The Consumer Revolution (3) The origins and impact of American consumer society since 1870.
HIST 451 The Consumer Revolution (3)
(BA) This course meets the Bachelor of Arts degree requirements.
This lecture course shows how the United States became a nation of consumers from 1870 to the present. It is designed both for the business and communications student as well as the liberal arts major. The origins of department stores, name-brand goods, fast-food chains, modern advertising, and mass entertainment show us how American business and culture was transformed by the consumer revolution. We will explore how the automobile became the leading consumer good of the 20th century and analyze its impact on how Americans shopped. The rise of advertising and its linkage to home-based mass entertainment through the radio and TV will interest us. We will also consider how events like the Great Depression, World War II, the counter-cultural movement of the 1960s, the energy crisis of the 1970s, and the economic deregulation of the 1980s and 90s shaped consumer attitudes and advertising. " The Consumer Revolution" also briefly explains how American consumer culture has been globalized (with companies like Coca Cola, Disney, and Ford).

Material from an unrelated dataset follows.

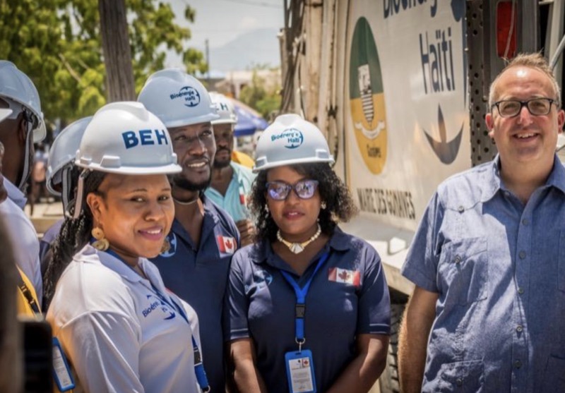 Début d’une importante collaboration avec Biothermica technologies, Inc. qui mènera, tant en Haïti qu’au Togo, à un grand programme de gestion durable de déchets qui, 15 ans plus tard et après des financements de IUCN, et le Programme de coopération climatique internationale du Québec, aura une trentaines d’employés en Haïti et au Togo sous les bannières Bioénergie Haïti (BEH) et Bioénergie Togo (BET). Ci-dessous, le Président de Terre des jeunes Gonaïves, Dieuseul Augustin, avec l’équipe de direction de BEH et l’Ambassadeur du Canada en Haïti, Sébastien Carrière, 12 ans plus tard en 2022.

The course also explores how new consumer goods shaped the experience of childhood, youth, family and home life, and retirement. In particular, we will consider how youth-oriented goods in fashion, foods, and entertainment created a unique youth consumer culture. Also important are the intellectual debates about the meaning and value of consumer society: Is mass consumption the real meaning of American democracy or is it a perversion of it? Are consumer needs unlimited and where does the desire for goods come from? Because consumer society seemed to threaten so many traditional values, we will also analyze movements for restricting consumption. We will consider the origins and impact of Prohibition, dieting and health food crazes, and movements to restrict advertising and sale of goods like cigarettes.
In addition to lectures and visual presentations in class, students will read chapters from major studies of the above topics, some of which will be discussed in class. Grades will be based on performance in discussion and essay exams.
Note : Class size, frequency of offering, and evaluation methods will vary by location and instructor. For these details check the specific course syllabus.